Obama e os 3 Envelopes
Diz uma piada antiga que quando o novo CEO de uma grande empresa estava prestes a tomar posse do cargo, viu em sua mesa três envelopes numerados deixados por seu antecessor. O bilhete que acompanhava os envelopes instruía o novo dirigente a abri-los em sequência, caso viesse a enfrentar grandes dificuldades durante o seu mandato. Passados alguns meses, o CEO viu-se obrigado a abrir o primeiro, que dizia “Ponha a culpa em mim, o seu antecessor”. Dito e feito. Um tempo depois, o CEO teve de abrir o segundo, que recomendava: “Reestruture a empresa”. A recomendação foi seguida à risca, mas a empresa continuou a enfrentar sérios problemas. O CEO então abriu o terceiro, que continha a seguinte mensagem fatídica: “Comece a escrever três cartas”. A julgar pelo discurso de Obama após a divulgação do orçamento para 2011, o Presidente americano abriu o primeiro envelope.

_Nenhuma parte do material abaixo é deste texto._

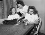 Young Women's Christian Association (YWCA) Y-Teen Department associate director Miss Jean Van Horn (center) helps two Rosemont Junior High School pupils in handcraft classes at the Y. They are Coral Dane Coughran (left), daughter of Mr. and Mrs. M. A. Coughran, and Carol Bradford, daughter of Mr. and Mrs. B. R. Bradford. The girls are sitting at the end of a table working on crafts. Miss Van Horn instructs Coral Dane on her projects with textile. Published in the Fort Worth Star-Telegram evening edition, October 17, 1946.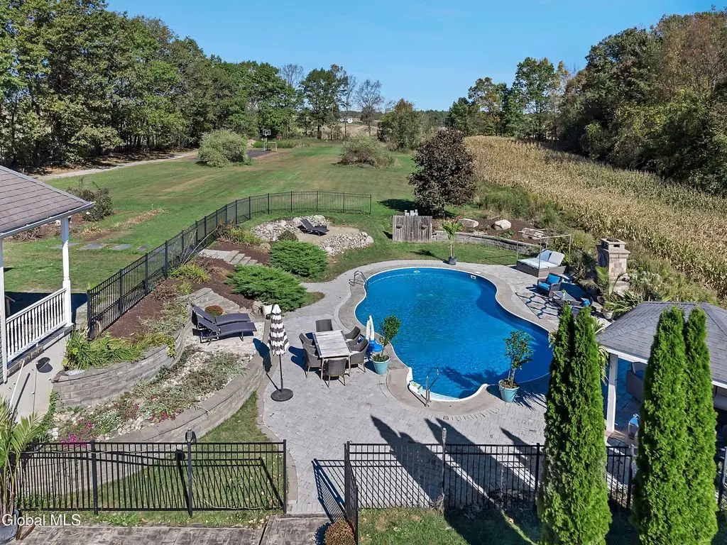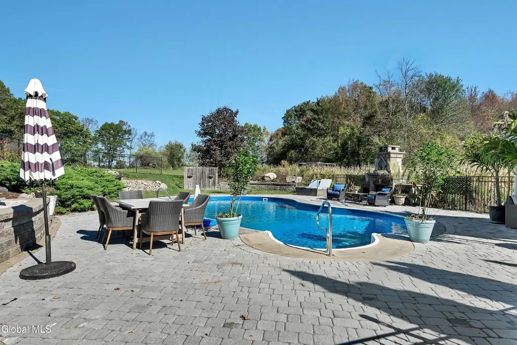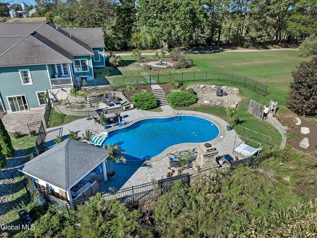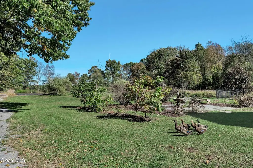 Nestled behind a gated entrance and surrounded by nearly three acres of beautifully landscaped grounds, 123 County Route 70 in Stillwater offers a refined country lifestyle just minutes from Saratoga Lake. Built in 2007, this European-inspired home features three bedrooms, three full bathrooms, and a home office. The front of the home showcases a circular driveway, a striking stone facade, and a grand entrance with blue stone stairs leading to a covered front porch. Inside, the kitchen features cherry cabinetry, granite countertops, stainless steel appliances, and a large walk-in pantry. It opens to the dining area and living room, where you will find tray ceilings and a gas fireplace. The first-floor primary suite offers a spacious, spa-like bath with an oversized ceramic tile shower, dual vanity, and built-in shelving. It also includes a generous walk-in closet complete with a custom built-in closet system. The finished lower level includes a home theater with a projector and a separate recreation room with access to the outdoors. The backyard is designed for entertaining with an inground pool, paver patio surround, a built-in outdoor fireplace, and a cabana. Enjoy privacy and natural beauty with scenic walking trails, a private 600-foot driveway lined with flowering pear trees, and additional amenities including a basketball and pickleball court, garden beds, and cleared acreage ideal for expansion or recreation. Additional highlights include a newer furnace and central air. An adjoining 15-acre parcel is also available for purchase. This is an exceptional opportunity to own a private retreat in a prime location near Saratoga Lake. Schedule your private showing today and experience luxury living at its finest. Check out the full feature YouTube Video!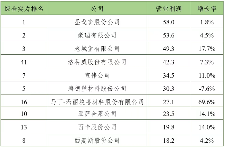 圣戈班股份公司(法國)連續三年位居綜合實力第一名,營運利潤率和現金流創造新紀錄,并通過收購業務,不斷擴大在化學建材領域的份額;豪瑞有限公司(瑞士)穩居第二名,流動資產略有下降,其余指標均有不同程度的增長;老城堡有限公司(愛爾蘭)營業利潤繼續保持增長態勢,排在第三名;中國建材股份有限公司營業收入和營業利潤降低,排在第四名; 海德堡材料股份公司(德國)營業利潤小幅下降,其余指標略有增長,排在第五名。亞薩合萊公司(瑞典)營業收入和利潤率均達到了兩位數的增長,首次躋身前十。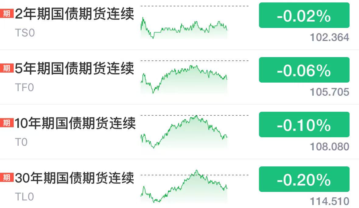 一、国债期货:-0.102%(反映市场对未来债市预期,国债期货越涨,债市越涨,两者正向关系)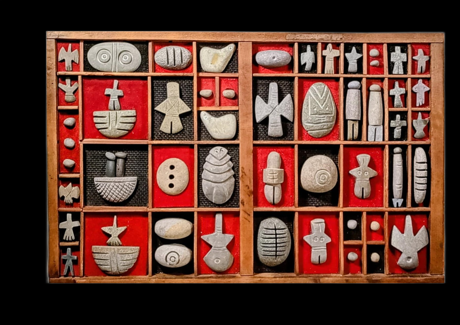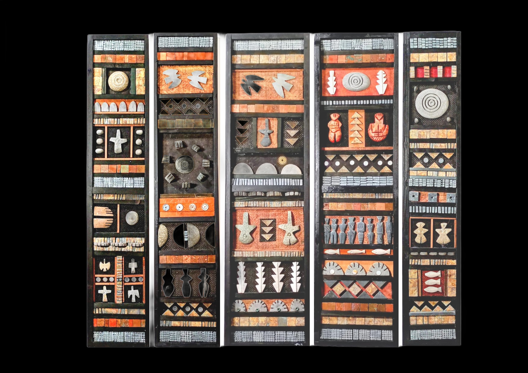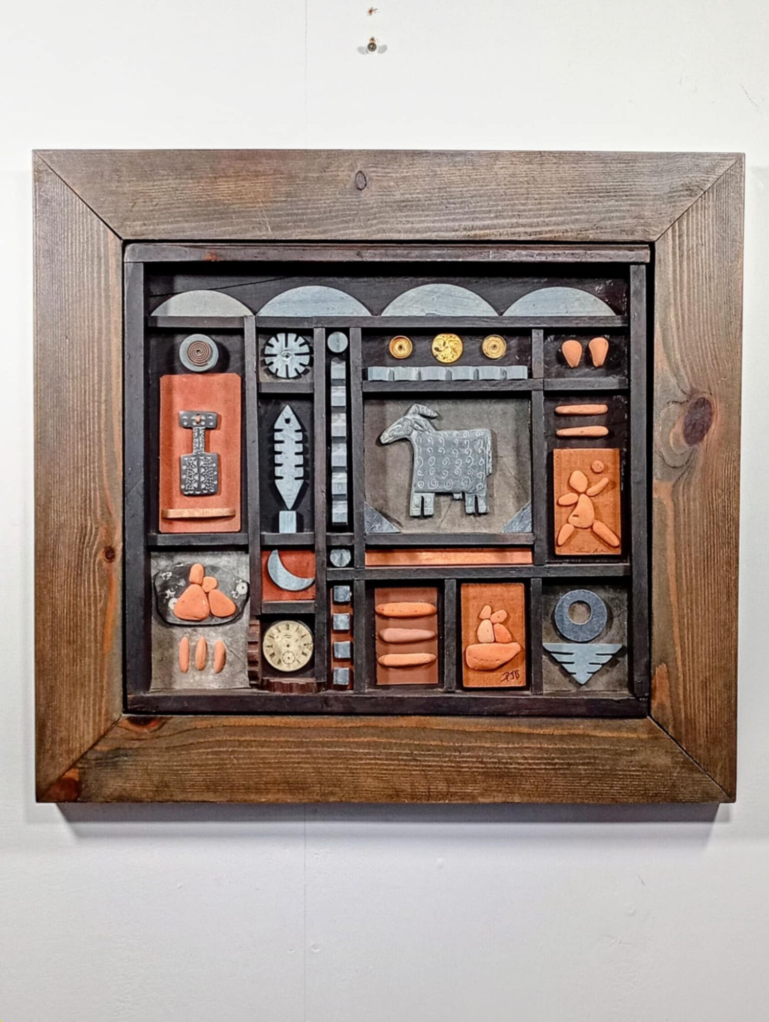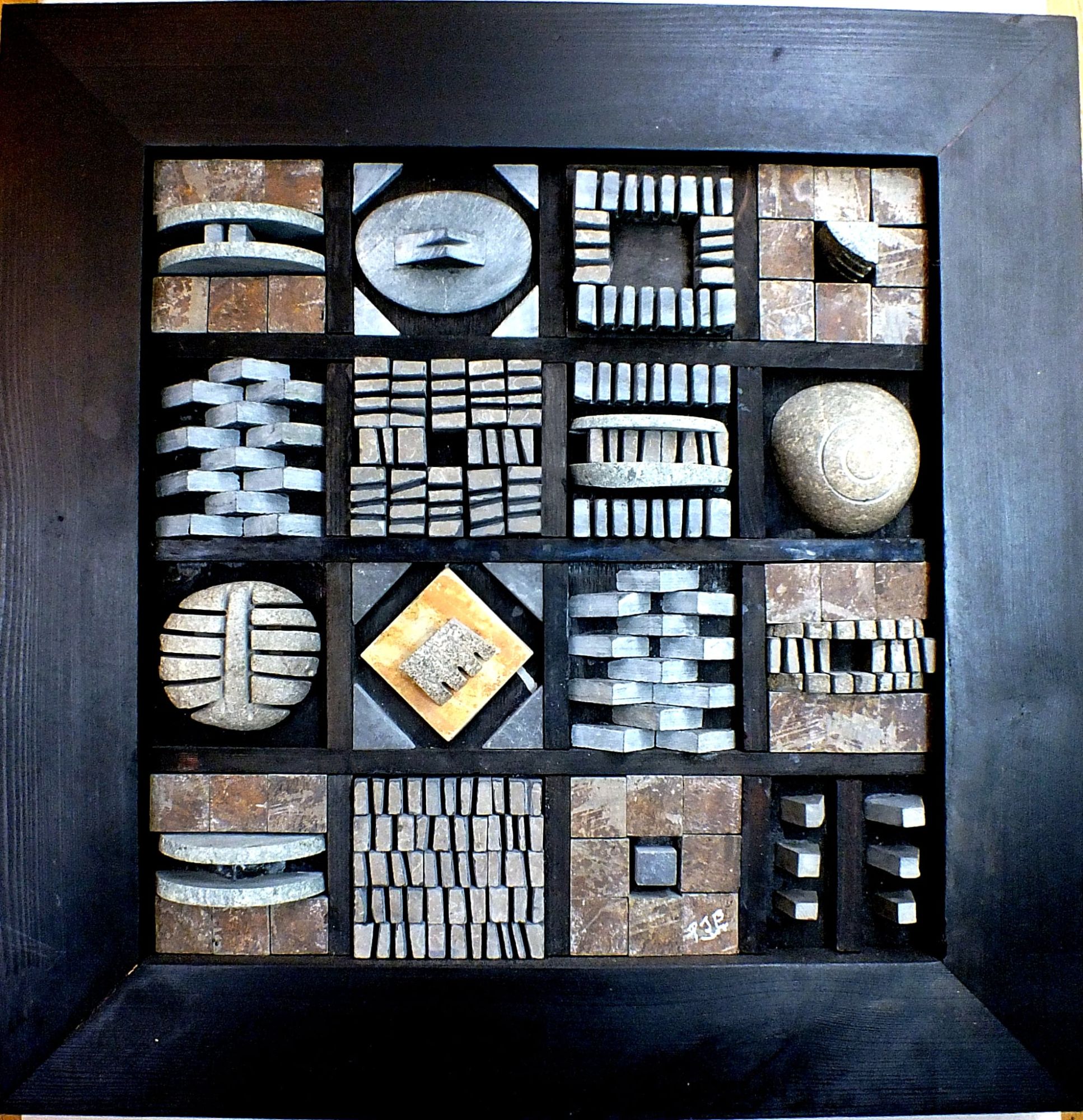 These assemblages are the result of putting together different components, and pieces, I have created out of natural materials such as wood slate, stone, metal and leather, with some added objets trouvés, such as bits of old watches. Each tiny piece is cut, carved, sanded, dyed, textured or patinated. Using a limited palette of carefully chosen colours, I orchestrate the juxtaposition of shape, and textures Intuitively, into these contemporary panels.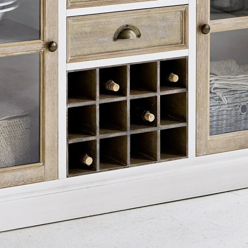 La symbiose parfaite de deux couleurs confère à cette commode un charme séduisant au style traditionnel classique. L’étagère offre un espace de rangement suffisant pour vos bouteilles de vin préférées. Le porte-bouteilles au centre de la commode permet de ranger jusqu’à 12 bouteilles. Vous pourrez placer les verres à vin dans les deux compartiments sur les côtés. Les trois tiroirs offrent un espace de rangement supplémentaire. Ils sont pourvus de poignées en métal charmantes au style nostalgique. Les deux portes sont dotées de fenêtres à croisillons. Ce modèle impressionne avant tout par le contraste du bois foncé et cérusé blanc. Un concept chromatique repris à l’intérieur du meuble, séduisant dans un charmant coloris blanc vieilli.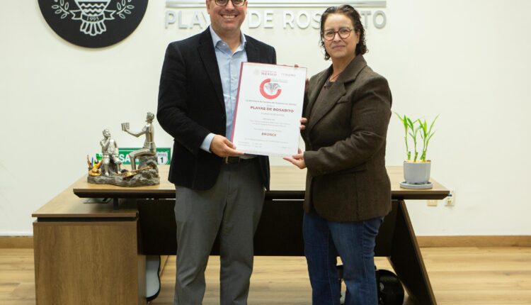 Playas de Rosarito, B.C., 16 de mayo de 2025.– En un logro que reafirma el compromiso del Gobierno Municipal con el desarrollo del turismo de calidad, Playas de Rosarito fue reconocido con el Distintivo Nacional de Calidad Turística en nivel bronce, una certificación que valida el esfuerzo continuo por ofrecer una mejor experiencia a quienes visitan nuestro municipio.
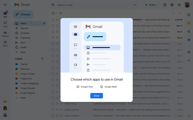 Korisnici koji koriste Gmail, Chat i Meet mogu odrediti koje aplikacije žele uključiti u svoj novi prikaz. Također imaju mogućnost korištenja konfiguracije samo za Gmail.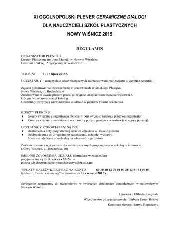 XI OGÓLNOPOLSKI PLENER CERAMICZNE DIALOGI DLA NAUCZYCIELI SZKÓŁ PLASTYCZNYCH NOWY WIŚNICZ 2015 REGULAMIN ORGANIZATOR PLENERU Liceum Plastyczne im. Jana Matejki w Nowym Wiśniczu Centrum Edukacji Artystycznej w Warszawie TERMIN: 6 - 18 lipca 2015r. UCZESTNICY – nauczyciele szkół plastycznych zainteresowani realizacjami w technice ceramiki. Zajęcia plenerowe realizowane będą w pracowniach Wiśnickiego Plastyka, Nowy Wiśnicz, ul. Bocheńska 6 Zrealizowane w czasie pleneru prace, po wypale, eksponowane będą na wystawach, którym będzie towarzyszył katalog. Uczestnicy otrzymają zaświadczenia o udziale w plenerze (forma szkolenia) KOSZTY PLENERU ♦ Koszty związane z organizacją pleneru w tym wydanie katalogu pokrywa organizator. ♦ Koszty związane z materiałami oraz koszty pobytu pokrywa uczestnik (szczegóły poniżej) UCZESTNICY ZOBOWIĄZANI SĄ DO: ♦ Dostarczenia noty biograficznej wraz ze zdjęciem w trakcie pleneru ♦ Odebrania prac do 2 tygodni po zakończeniu ostatniej wystawy. Prace nie odebrane przechodzą na własność organizatora Zakwaterowanie i wyżywienie dla zainteresowanych proponujemy w szkolnym internacie (Nowy Wiśnicz, ul. Bocheńska 10) IMIENNE ZGŁOSZENIA UDZIAŁU (formularz w załączniku) – przyjmowane są do 3 czerwca 2015 r. – pocztą lub elektronicznie [email protected] WPŁATY NALEŻY KIEROWAĆ NA KONTO 69 10 10 12 70 01 00 38 13 91 34 00 00 tytułem: „Plener ceramiczny” w terminie do 10 czerwca 2015 r. Serdecznie zapraszamy do uczestnictwa w twórczych działaniach ceramicznych w malowniczym Nowym Wiśniczu. Dyrektor : Elżbieta Kucybała Wicedyrektor ds. artystycznych: Barbara Szota- Rekieć Komisarz pleneru Henryk Kopańczyk INFORMACJE O KOSZTACH PLENERU KOSZT UDZIAŁU W PLENERZE– (kwoty brutto z wliczonym VAT) - 100 kg masy ceramicznej (białej i czerwonej), szkliwa 250,00 zł - wypały 250,00 zł (wymiar pieca: 80 x 80 x 149) - media (budynek ceramiki) 35,00 zł razem: 535,00 zł KOSZT POBYTU – ( internat) Opłata za wyżywienie i zakwaterowanie (kwoty brutto z wliczonym VAT): a) nocleg 27,00 zł b) całodobowe wyżywienie 22,00 zł - śniadanie - obiad - kolacja 6,00 zł 10,00 zł 6,00 zł W KARTACH ZGŁOSZENIOWYCH PROSIMY ZAZNACZYĆ NA KOGO MA BYĆ WYSTAWIONA FAKTURA ♦ ZA UDZIAŁ W PLENERZE ♦ ZA KOSZTY POBYTU I WYŻYWIENIA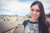 Classy attractive brunette wearing black white dress in urban environment leaning on surface and enjoying a view while smiling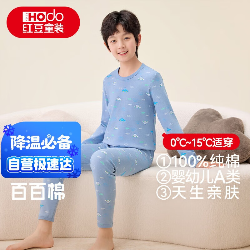 红豆纯棉秋衣秋裤中大童秋冬内衣套装儿童居家睡衣M1079小警车150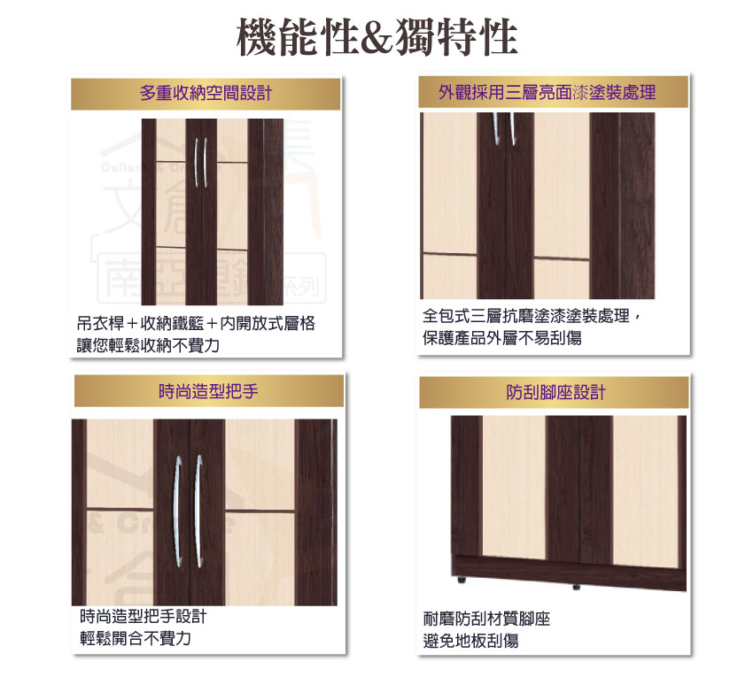 產品採用第一品牌-台製南亞塑鋼舒美板+五金滑軌結構等材質,整體材質採用防水+防燃+無甲醛安心塑鋼材質製造 ,搭配開門櫃+吊衣桿+收納鐵籃+內開放式收納等便利設計,防止受潮,增加支撐力,堅固不會塌陷,全由專人配送到家,專業安心服務,替你省下更多時間!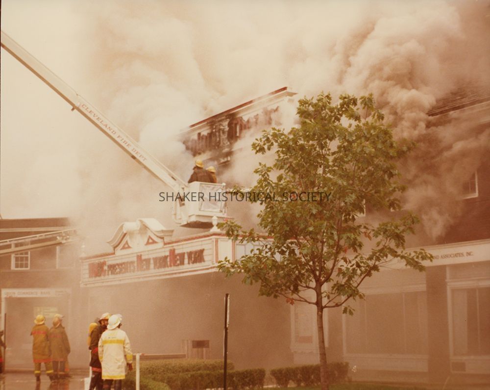 Color photograph of firefighters responding to the 1981 fire at the Colony Theatre in Shaker Square.Photograph Details
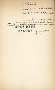 Nous deux encore. Paris, Lambert, 1948. 12, broché. Édition originale de ce très beau texte écrit par Michaux à la suite de l'accident mortel de sa femme. Exemplaire sur vélin du Marais. Envoi autographe signé. On joint, du même : Plume, précédé de Lontain intérieur. Paris, Gallimard, 1938. In-12, broché. Première édition collective. Exemplaire du service de presse. Envoi autographe signé à André Lhote.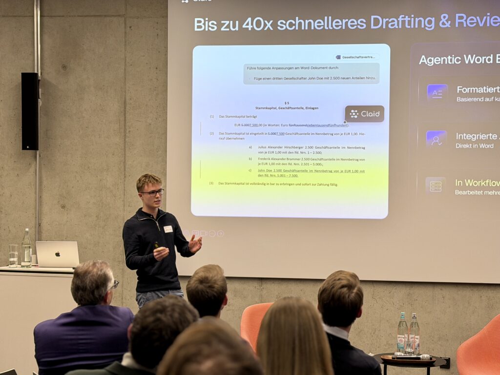 Instead of founders demonstrating features, this time practitioners from international law firms and consulting houses took center stage. They showed how AI solves concrete problems in their workflows and how much you gain when technology starts exactly where legal work is especially intensive.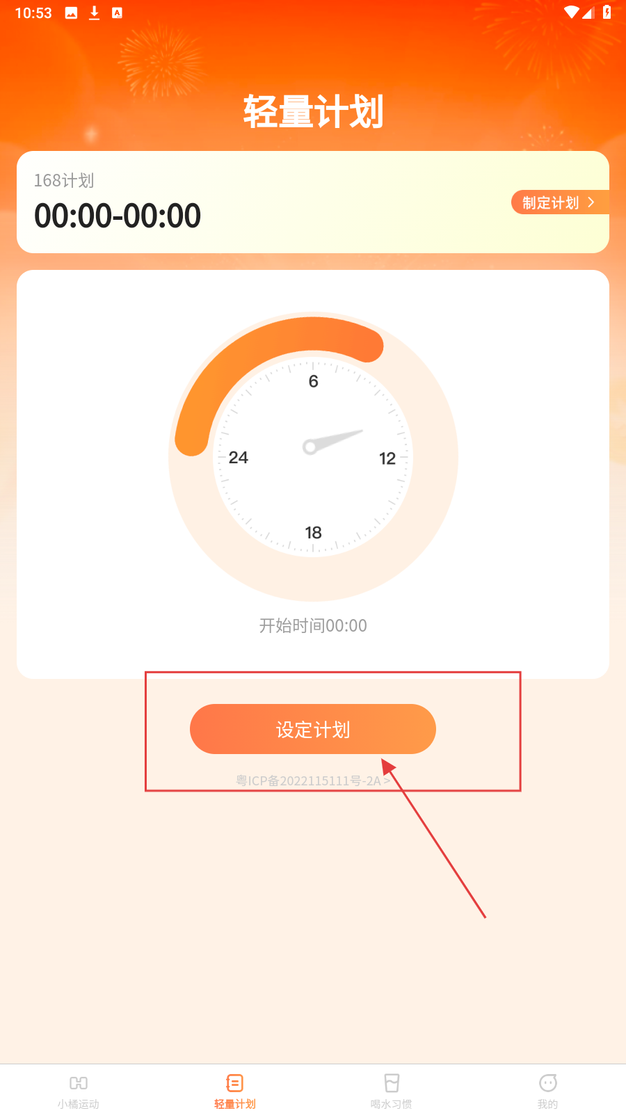 3、切换到轻量计划页,点【设定计划】按钮,可开启168轻断食等计划设置。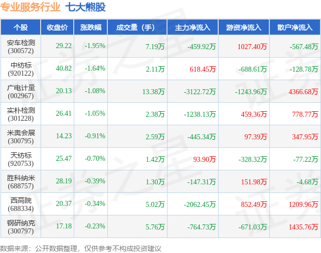 个股表现方面,专业服务行业当日领跌股为安车检测(300572),该股当日报收29.22,下跌1.95%,成交量7.19万,主力资金净流出459.92万元。中纺标(920122)以下跌1.64%紧随其后,该股当日成交量2.11万,主力资金净流入618.45万元。除此之外,广电计量(002967)、实朴检测(301228)、米奥会展(300795)均进入当日熊股之列。具体个股列表见下表: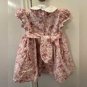 Adorable baby dress with a floral pattern. Features a white collar and short sleeves. Perfect for special occasions.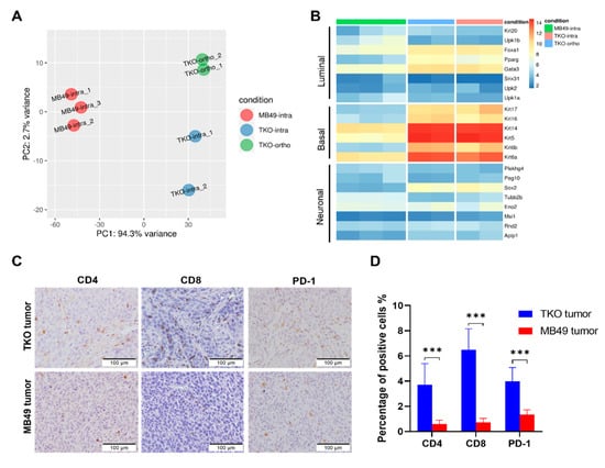 The molecular and immune characterization of TKO tumors. (A) The inter-and intra-group variability of the TKO tumors was illustrated by the principal component analysis (PCA) of the RNA-seq data. Each dot represents a tumor: TKO intravesical tumors (TKO-intra, blue), TKO orthotopic tumors (TKO-ortho, green), and MB49 intravesical tumors (MB49-intra, red). (B) Clustering heatmap of TKO intravesical tumors (pink), TKO orthotopic tumors (blue), and MB49 intravesical tumors (green) using the luminal/basal/neuronal classifier. (C) Representative IHC staining of CD4, CD8, and PD-1 in subcutaneous tumor tissues. (D) The quantification of CD4, CD8, and PD-1 positive cells in subcutaneous tumor sections stained by IHC. p-value, ANOVA with Tukey’s multiple comparisons test, p < 0.001 (***).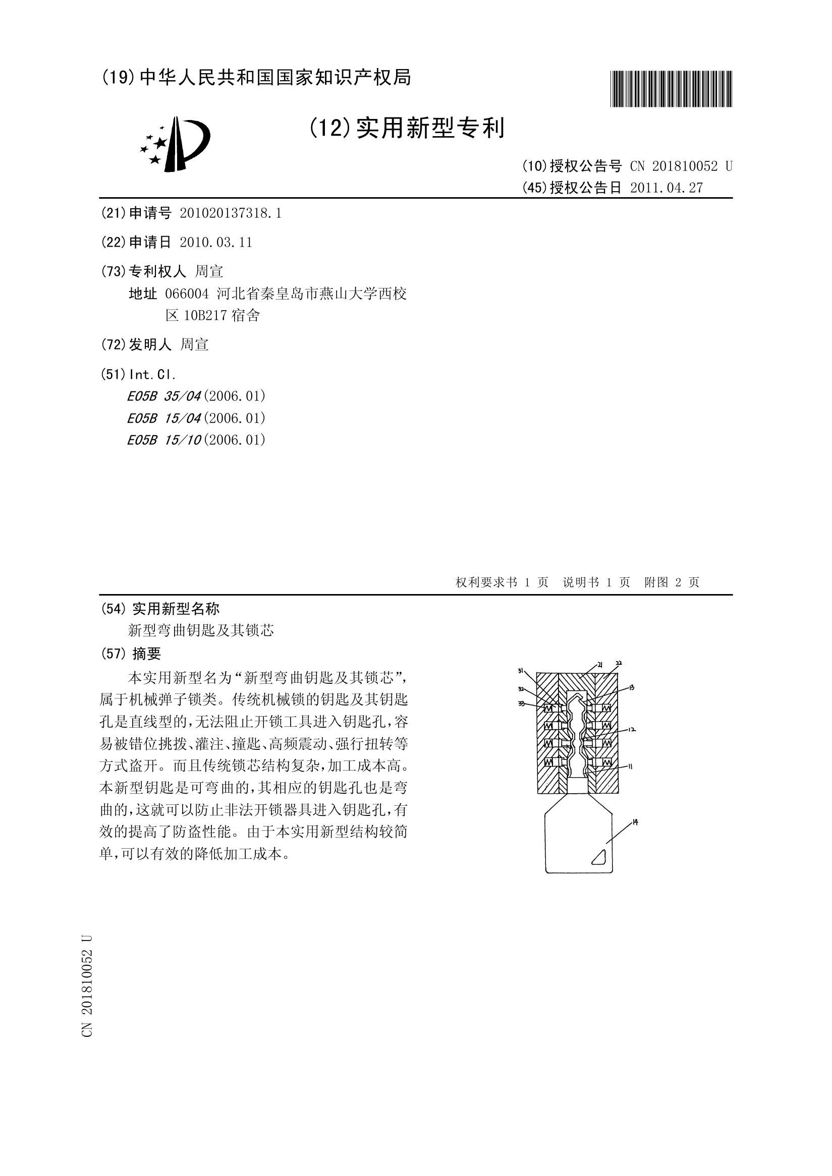 新型弯曲钥匙及其锁芯

Obama não poupou palavras para culpar a administração Bush pelo estado lastimável das contas públicas americanas. O Presidente enfatizou que devido aos excessos do governo anterior e à recessão, seu mandato iniciou-se com um déficit nominal de US$ 1,3% do PIB, o que é verdade. Entretanto, a precária situação fiscal americana não será resolvida tão cedo, conforme mostram os números do novo orçamento. Com o plano sequenciado, que prevê estímulos adicionais para o mercado de trabalho este ano, seguido de um esforço de redução do déficit somente a partir do ano que vem, as contas públicas americanas apresentarão um rombo de 10,6% do PIB este ano e de 8,3% no ano que vem. O gráfico abaixo dá a dimensão da importância histórica destes números. Como se vê, tirando o episódio do pós-guerra, “nunca antes na história daquele país” o déficit foi tão elevado persistentemente (as barras em vermelho são as projeções da Casa Branca para 2011 e 2012, respectivamente).
Gráfico 1

Aliás, a figura acima somada à divulgação do PIB do quarto trimestre na semana passada chamam a atenção para outro fato alarmante. As manchetes dos jornais sobre o PIB de 2009 ressaltaram que este foi o pior resultado desde 1946. Só que naquela altura, os EUA haviam feito um esforço fiscal de 14% do PIB, reduzindo o déficit de 21,5% para 7,2% em um ano – esforço este quase completamente vinculado à eliminação dos gastos com a 2ª guerra. No caso atual, a economia americana sofreu uma forte contração entre 2008 e 2009 com uma deterioração fiscal quase sem precendentes históricos, da ordem de 6,7% do PIB. Considerando-se que o resultado nominal consistente com a estabilidade da razão dívida/PIB, conforme os cálculos das autoridades, é de 3%, os EUA precisam em algum momento engendrar um ajuste de mais de 7% do PIB. Isso reduz consideravelmente as esperanças de que a economia americana possa voltar a crescer vigorosamente nos próximos anos. Ou seja, o cenário é consistente com a abertura do segundo envelope…
Por fim, merece destaque o fato de que, no orçamento de 2011, o déficit nominal só comece a se normalizar em 2012, no final do mandato de Obama, ficando em torno de 5% do PIB. Caso o governo implemente as medidas anunciadas para alcançar este resultado, o impacto sobre o crescimento poderá ser severo. Por outro lado, se a fragilidade da economia americana impossibilitar as medidas de ajuste, não faltarão críticos para argumentar que a administração Obama não conseguiu fazer nada direito. Só restará, portanto, o terceiro envelope.